Globovisión reporters also face physical threats and intimidation. In March, a group of unidentified armed men, wearing red, pro-Chávez United Socialist Party T-shirts, attacked and stole footage from Ackerman and a Globovisión cameraman covering a rally for opposition presidential candidate Henrique Capriles Radonski. At home that evening, Ackerman’s husband asked whether reporting on this year’s presidential elections would be safe. “I’ve thought hard about it,” said Ackerman. “I’ve never faced direct violence for reporting. But it’s also made me more determined to go and report.”

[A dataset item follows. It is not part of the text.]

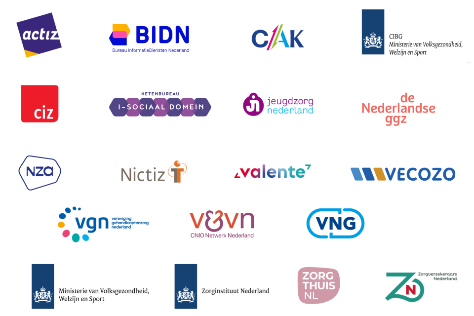ActiZ, BIDN, CAK, CIBG, CIZ, Jeugdzorg Nederland, Ketenbureau i-Sociaal Domein, de Nederlandse ggz, Nederlandse Zorgautoriteit (NZa), Nictiz, Valente, VECOZO, VGN, VNG, V&VN, Ministerie van VWS, Zorginstituut Nederland, Zorgthuisnl en Zorgverzekeraars Nederland.
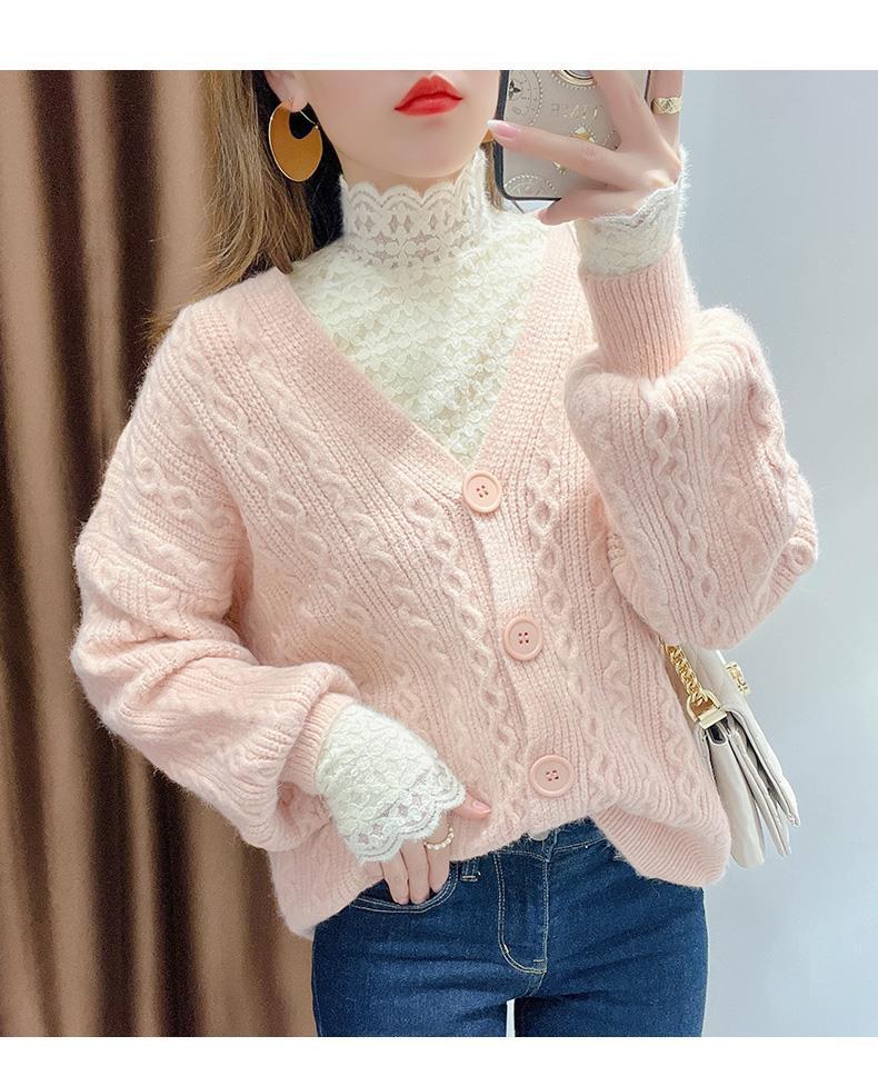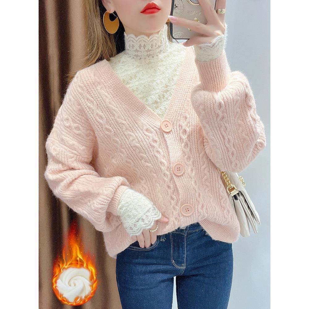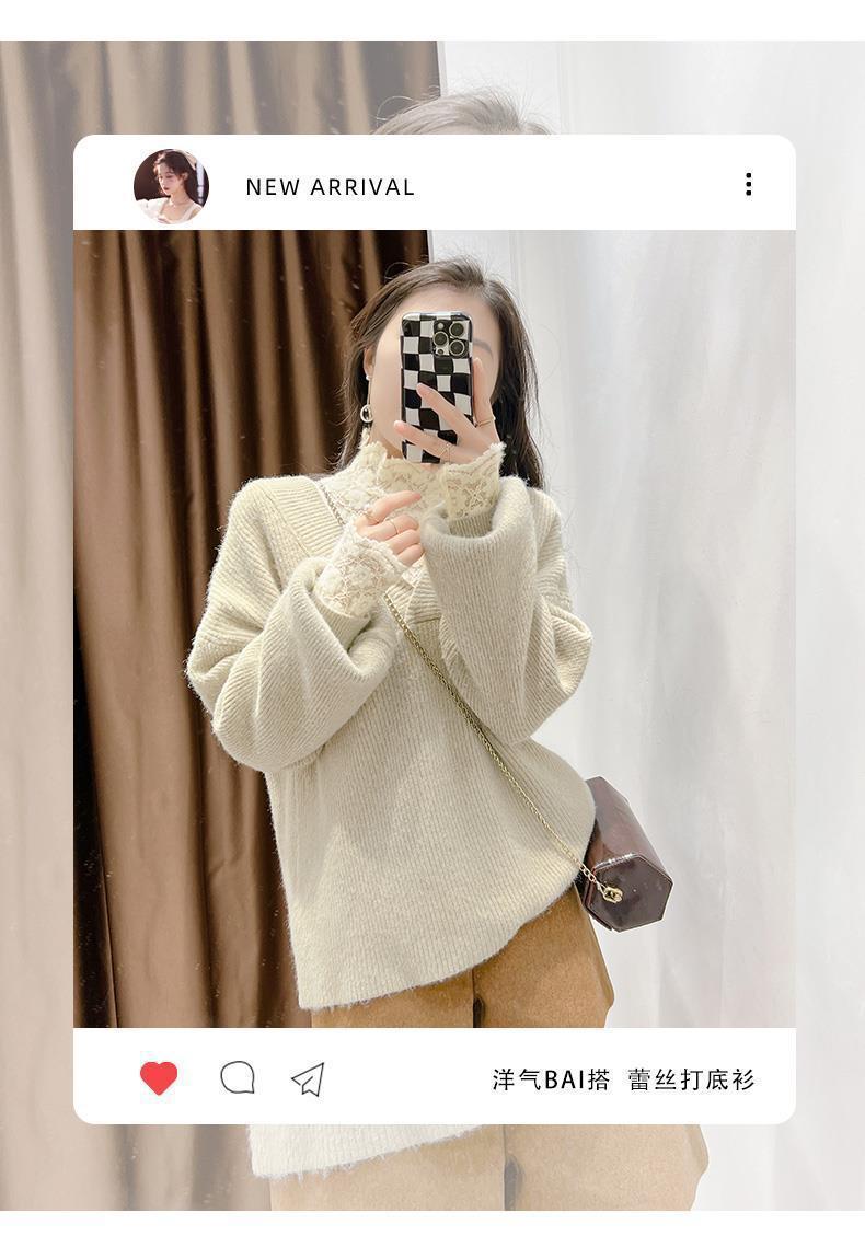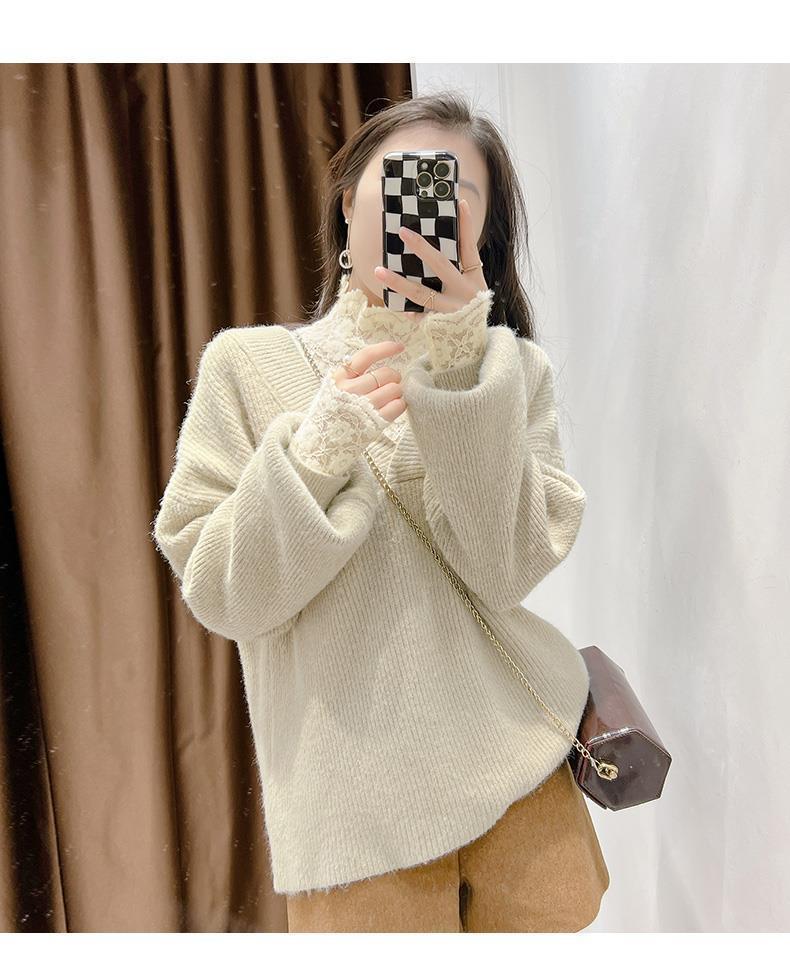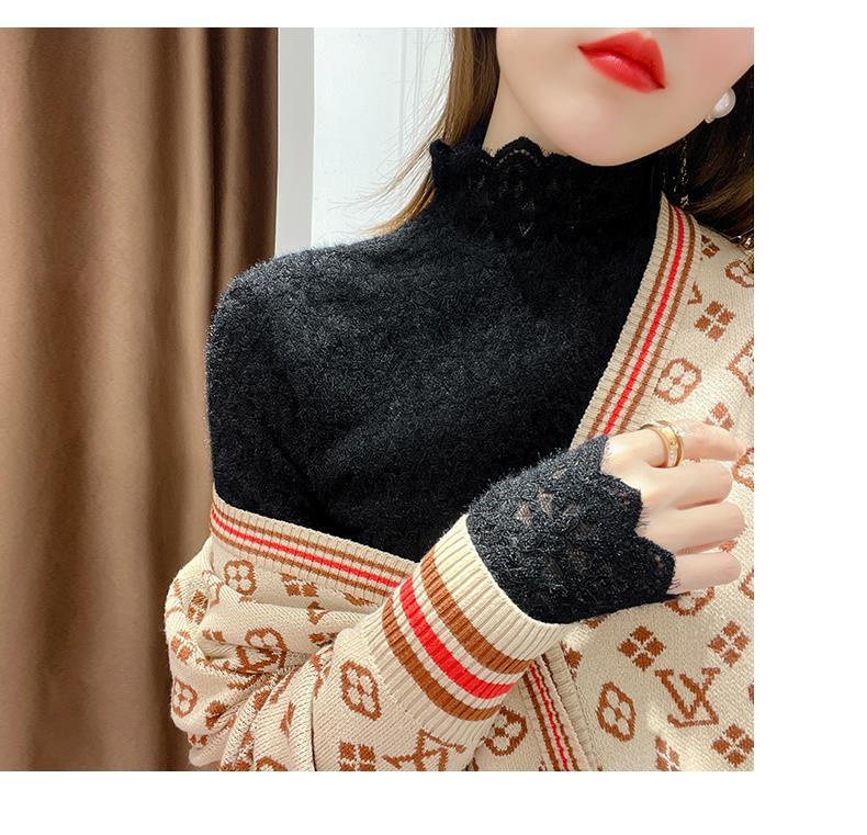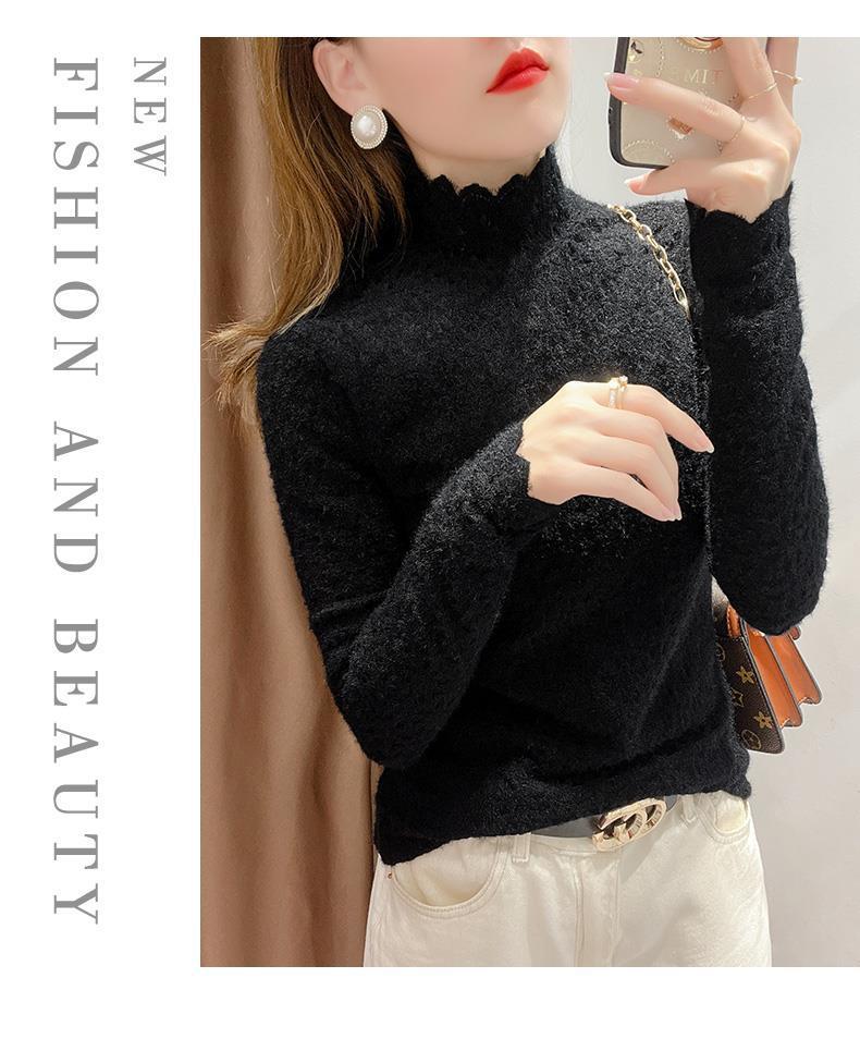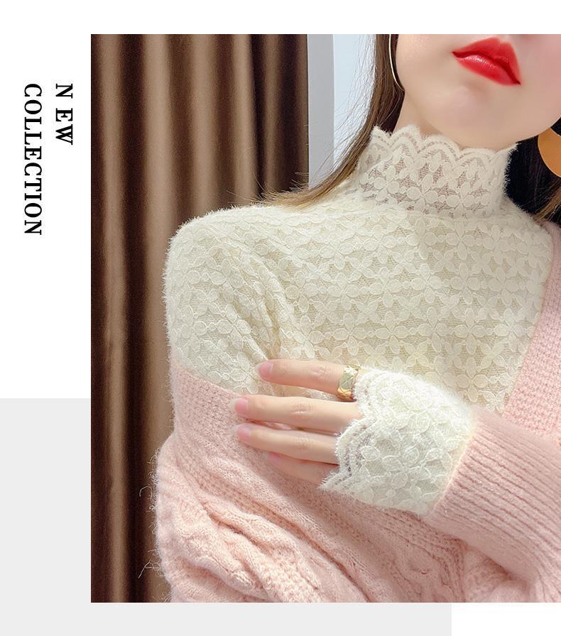 가을 겨울 여성용 벨벳 두꺼운 레이스 바닥 셔츠, 새로운 스타일의 하이 칼라 셔츠, 기모 따뜻한 메쉬 탑

Meanwhile, ski-masked members of the pro-government group “La Piedrita” (Little Rock), gathered outside the Globovisión offices in March to hurl insults and wave guns, the station reported. In previous years, the group claimed responsibility for tear gas attacks on journalists and news outlets and threatened to “take up arms” against Globovisión—all while accusing the station of promoting violence against Chávez.
In 2009, the Inter-American Court of Human Rights ruled that Venezuela must provide protection to the station and its reporters, but the government never implemented the court’s recommendations. The Venezuelan government, along with that of Ecuador, has proposed restrictions on the power of the court’s sister organization, the IACHR, and in particular the special rapporteur for freedom of expression, whose office has issued damning reports of both countries’ climate for press freedom.

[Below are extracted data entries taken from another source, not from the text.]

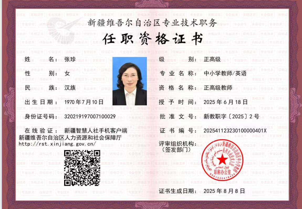 喜报--张珍老师晋升正高级教师 2025-10-10
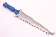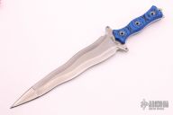 This Busse Combat Kris P Bacon 9.8 features a Competition Finished double-edged blade with corrugated bevel technology, .205" blade stock and 1.972" blade depth, full tang construction. The handle has Magnum Textured black/blue G-10 scales. Excellent condition.
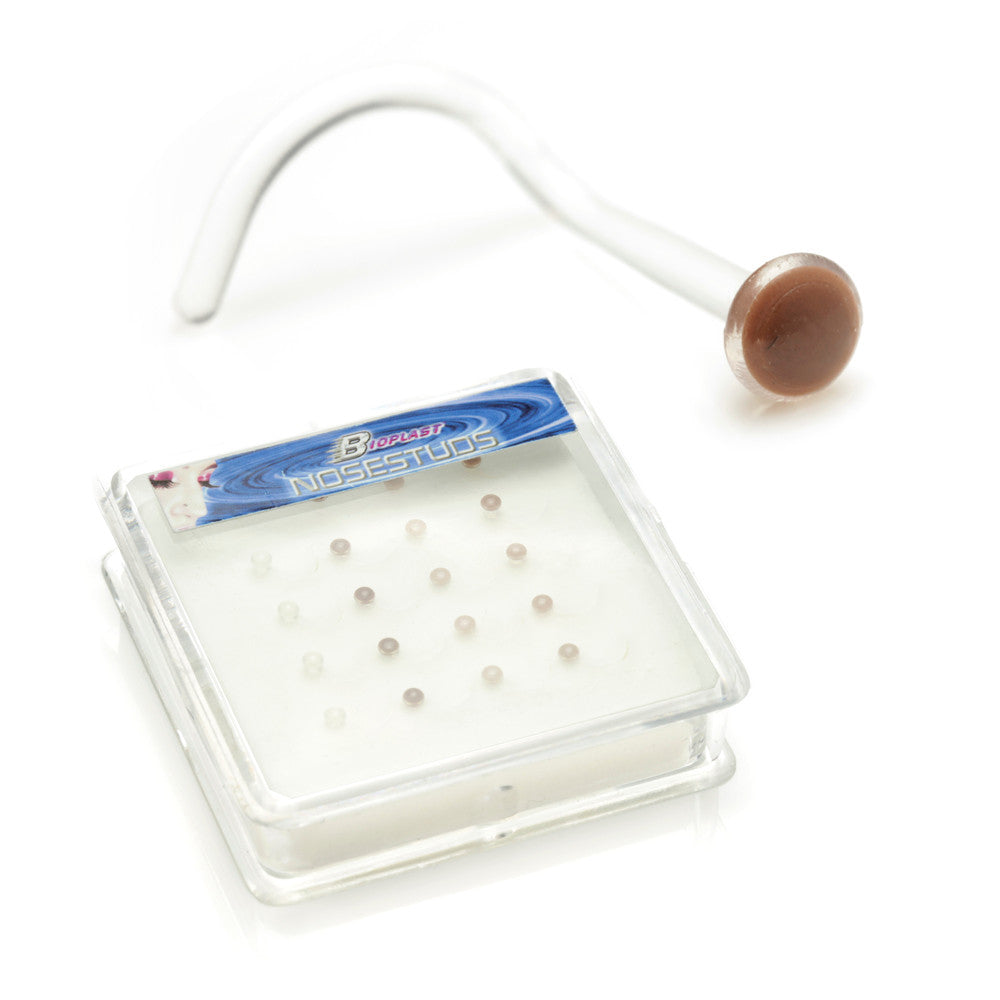 Clear, Light Flesh, Medium Flesh, Dark Flesh on Clear Bioplast Nose Stud Retainers in a clear box Holds 20 nose studs Gauge: 0.8mm
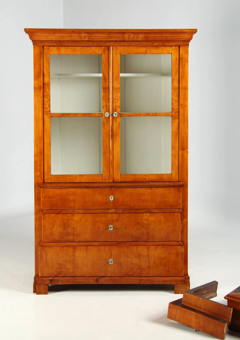 Antiker Biedermeier-Bücherschrank mit drei breiten Schubladen im unteren Bereich, darüber zwei verglasten Türen sowie einem gestuften Aufsatz mit schmalem Schinkelgiebel und einer dieser Breite entsprechenden Schublade.
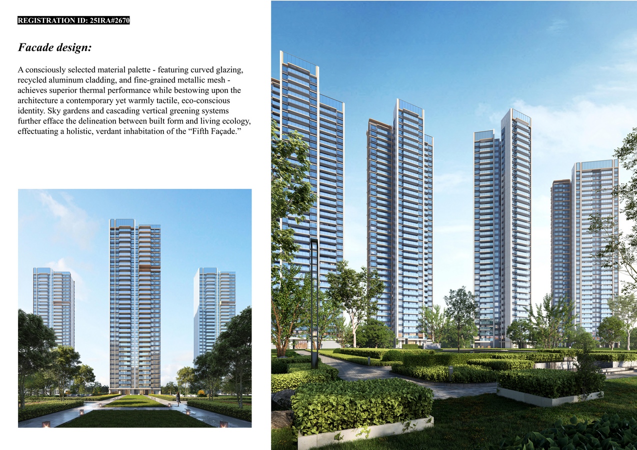 Inspired by the enchanting archetype of the “Forest Treehouses,” the façade system employs a strategy of volumetric fragmentation, staggered refuge floor displacements, and meticulously articulated rooftop crowns. This triad of moves dissolves the monolithic bulk typical of high-rises, yielding an ethereal, gracefully animated silhouette against the sky. A consciously selected material palette – featuring curved glazing, recycled aluminum cladding, and fine-grained metallic mesh – achieves superior thermal performance while bestowing upon the architecture a contemporary yet warmly tactile, eco-conscious identity. Sky gardens and cascading vertical greening systems further efface the delineation between built form and living ecology, effectuating a holistic, verdant inhabitation of the “Fifth Façade.”
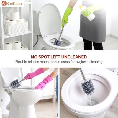 The ergonomic, anti-slip handle ensures a firm and comfortable grip for efficient cleaning with less effort, while the compact holder neatly stores the brush when not in use, helping keep your bathroom organized and hygienic.

How long Globovisión will be tolerated is hard to predict. “RCTV’s ratings went up when it was about to be closed,” said Carlos Correa, director of Espacio Público, a nongovernmental organization that promotes free expression and journalism ethics in Venezuela. “Picking on Globovisión could make it more popular.” Globovisión said its advertising rates have remained steady.

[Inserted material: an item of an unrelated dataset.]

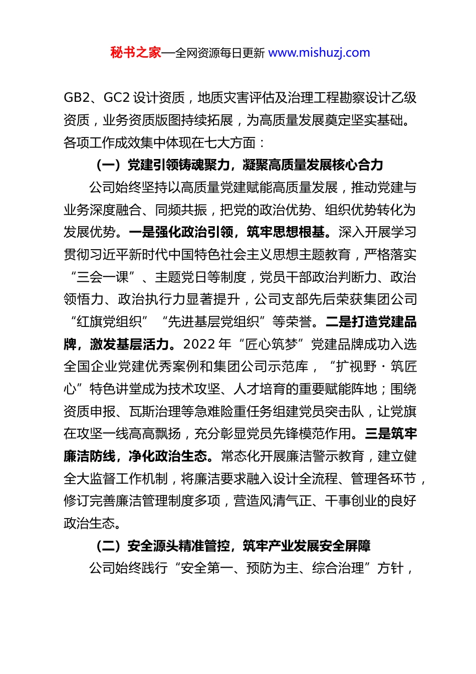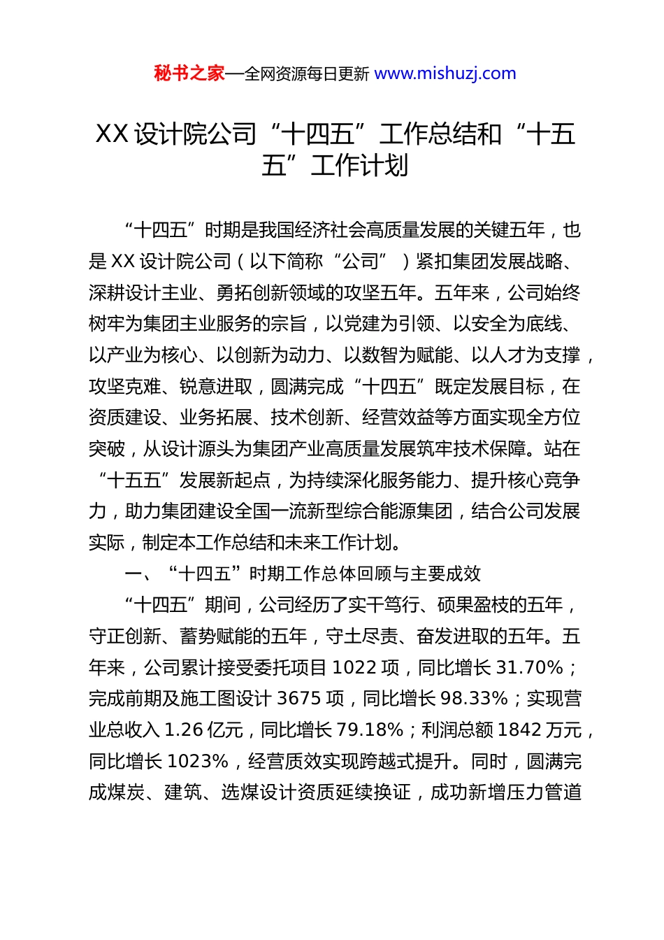 秘书之家—全网资源每日更新 www.mishuzj.comXX 设计院公司“十四五”工作总结和“十五五”工作计划“十四五”时期是我国经济社会高质量发展的关键五年,也是 XX 设计院公司(以下简称“公司”)紧扣集团发展战略、深耕设计主业、勇拓创新领域的攻坚五年。五年来,公司始终树牢为集团主业服务的宗旨,以党建为引领、以安全为底线、以产业为核心、以创新为动力、以数智为赋能、以人才为支撑,攻坚克难、锐意进取,圆满完成“十四五”既定发展目标,在资质建设、业务拓展、技术创新、经营效益等方面实现全方位突破,从设计源头为集团产业高质量发展筑牢技术保障。站在“十五五”发展新起点,为持续深化服务能力、提升核心竞争力,助力集团建设全国一流新型综合能源集团,结合公司发展实际,制定本工作总结和未来工作计划。一、“十四五”时期工作总体回顾与主要成效“十四五”期间,公司经历了实干笃行、硕果盈枝的五年,守正创新、蓄势赋能的五年,守土尽责、奋发进取的五年。五年来,公司累计接受委托项目 1022 项,同比增长 31.70%;完成前期及施工图设计 3675 项,同比增长 98.33%;实现营业总收入 1.26 亿元,同比增长 79.18%;利润总额 1842 万元,同比增长 1023%,经营质效实现跨越式提升。同时,圆满完成煤炭、建筑、选煤设计资质延续换证,成功新增压力管道秘书之家—全网资源每日更新 www.mishuzj.comGB2、GC2 设计资质,地质灾害评估及治理工程勘察设计乙级资质,业务资质版图持续拓展,为高质量发展奠定坚实基础。各项工作成效集中体现在七大方面:(一)党建引领铸魂聚力,凝聚高质量发展核心合力公司始终坚持以高质量党建赋能高质量发展,推动党建与业务深度融合、同频共振,把党的政治优势、组织优势转化为发展优势。一是强化政治引领,筑牢思想根基。深入开展学习贯彻习近平新时代中国特色社会主义思想主题教育,严格落实“三会一课”、主题党日等制度,党员干部政治判断力、政治领悟力、政治执行力显著提升,公司支部先后荣获集团公司“红旗党组织”“先进基层党组织”等荣誉。二是打造党建品牌,激发基层活力。2022 年“匠心筑梦”党建品牌成功入选全国企业党建优秀案例和集团公司示范库,“扩视野・筑匠心”特色讲堂成为技术攻坚、人才培育的重要赋能阵地;围绕资质申报、瓦斯治理等急难险重任务组建党员突击队,让党旗在攻坚一线高高飘扬,充分彰显党员先锋模范作用。三是筑牢廉洁防线,净化政治生态。常态化开展廉洁警示教育,建立健全大监督工作机制,将廉洁要求融入设计全流程、管理各环节,修订完善廉洁管理制度多项,营造风清气正、干事创业的良好政治生态。(二)安全源头精准管控,筑牢产业发展安全屏障公司始终践行“安全第一、预防为主、综合治理”方针,秘书之家—全网资源每日更新 www.mishuzj.com认真落实集团“六位一体”安全支撑体系建设要求,从设计源头防范化解关联安全风险。一是强化源头管控,夯实设计质量基石。严格执行三级校审制度,对系统设计、方案论证、图纸审核实施全流程闭环管理,确保设计方案与现场实际高度契合;强化设计质量监管,实现本土矿井设计服务季度监管全覆盖,设计质量合格率保持 100%。二是攻坚灾害治理,突破深部安全瓶颈。直面煤炭开采“四高一大”灾害挑战,完成张集矿、顾桥矿等 20 余口地面瓦斯治理井工程设计,推动集团“地面替代井下”瓦斯治理战略规模化应用;在朱集东矿首次设计应用 L 型井抽采技术,实现保护层卸压瓦斯高效治理,为深部煤炭安全开采破解技术难题。三是优化系统设计,构筑立体防护体系。持续优化矿井通风、防火、排水等核心系统设计,完成唐家会矿地面灌浆系统升级改造,谢桥、潘二等煤矿注氮、灌浆系统改造设计,创新应用自动化控制方案,矿井火灾综合防治能力得到显著增强,为集团矿井安全生产提供坚实设计支撑。(三)深耕产业发展布局,注入提质增效强劲动能公司深度融入集团战略布局,聚焦煤炭、煤电、清洁能源三大产业,精准发力、多点突破,设计服务能力和产业支撑作用持续提升。一是精准对接政策,全力争取资金支持。紧盯国家及安徽省产业政策导向,成功争...

In late June, Venezuela’s Supreme Court ordered a freeze on Globovisión assets totaling 24.4 million bolívares (US$5.7 million). The network’s lawyer, Ricardo Antela, told CPJ that the decision was aimed at forcing Globovisión to pay the fine over its prison coverage. A few days later, the network paid the US$2.16 million fine. A separate appeal to have the fine annulled is pending in administrative court. If that ruling is favorable, Globovisión will apply to have the fine reimbursed, Antela said. In the meantime, the company was forced to take on debt, he said, and the financial impact will be felt throughout the network.
Meanwhile, Antela said the situation is such that government regulators could point to any number of alleged Globovisión violations and shut it down within days.
Monica Campbell is a San Francisco-based freelance journalist and former CPJ consultant.